Direktur Jenderal Pengelolaan Pembiayaan dan Risiko (DJPPR) Kemenkeu, Suminto, menjelaskan bahwa posisi utang tersebut setara 39,86 persen terhadap produk domestik bruto (PDB).
Menurutnya, rasio itu masih berada dalam batas aman dan jauh di bawah level banyak negara lain di kawasan.
"Rasio utang terhadap PDB kita per akhir Juni 2025 tercatat 39,86 persen. Angka ini tergolong moderat bila dibandingkan dengan negara-negara selevel, termasuk Malaysia, Thailand, maupun India," ujar Suminto dalam kegiatan Media Gathering APBN 2026 di Bogor, Jumat (10-10-2025).
Ia memerinci, rasio utang Indonesia jauh lebih rendah dibandingkan Malaysia yang mencapai 61,9 persen, Thailand 62,8 persen, dan India 84,3 persen terhadap PDB.
Komposisi Utang
Dari total utang tersebut, sebagian besar masih berasal dari surat berharga negara (SBN) senilai Rp7.980,87 triliun, sedangkan pinjaman pemerintah tercatat sebesar Rp1.157,18 triliun.
Untuk kategori pinjaman, terdiri atas pinjaman luar negeri sebesar Rp1.108,17 triliun, naik tipis dari posisi Mei 2025 senilai Rp1.099,25 triliun. Sementara pinjaman dalam negeri meningkat menjadi Rp49 triliun, dari sebelumnya Rp48,7 triliun.
Sebaliknya, porsi SBN justru mengalami penurunan dibanding bulan sebelumnya. Pada Mei 2025, nilai SBN tercatat Rp8.029,53 triliun, kini turun menjadi Rp7.980,87 triliun.
Per Juni total utang pemerintah sebesar Rp9.138 triliun, terdiri dari pinjaman Rp1.157 triliun dan SBN Rp7.980,87 triliun," jelas Suminto.
Berdasarkan denominasi, SBN berbasis rupiah tetap mendominasi dengan nilai Rp6.484,12 triliun, meski menurun dari Rp6.524,44 triliun pada bulan sebelumnya. Sementara SBN dalam mata uang asing (valas) tercatat Rp1.496,75 triliun, juga sedikit turun dari Rp1.505,09 triliun.
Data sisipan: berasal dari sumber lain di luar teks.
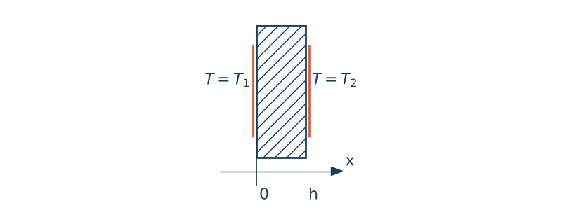 Zapisz i rozwiąż równanie różniczkowe opisujące jednowymiarowy przepływ ciepłą dla materiału jednorodnego. Przepływ jest ustalony, brak jest wewnętrznych źródeł ciepła. Warunki brzegowe zdefiniowane są zgodnie z rysunkiem.

Laporan Utang Dirilis Setiap Kuartal
Suminto juga menyampaikan bahwa mulai tahun ini, Kementerian Keuangan akan melaporkan posisi utang secara triwulanan, bukan lagi bulanan seperti sebelumnya.
Langkah ini dilakukan untuk meningkatkan kredibilitas data utang negar, karena penyusunannya akan mengacu pada angka PDB aktual yang dirilis Badan Pusat Statistik (BPS) setiap tiga bulan.
"Tujuannya agar data utang dan rasio terhadap PDB lebih kredibel dan berbasis realisasi, bukan asumsi. Jadi, mulai tahun ini, debt to GDP ratio akan diumumkan setiap tiga bulan," ucapnya.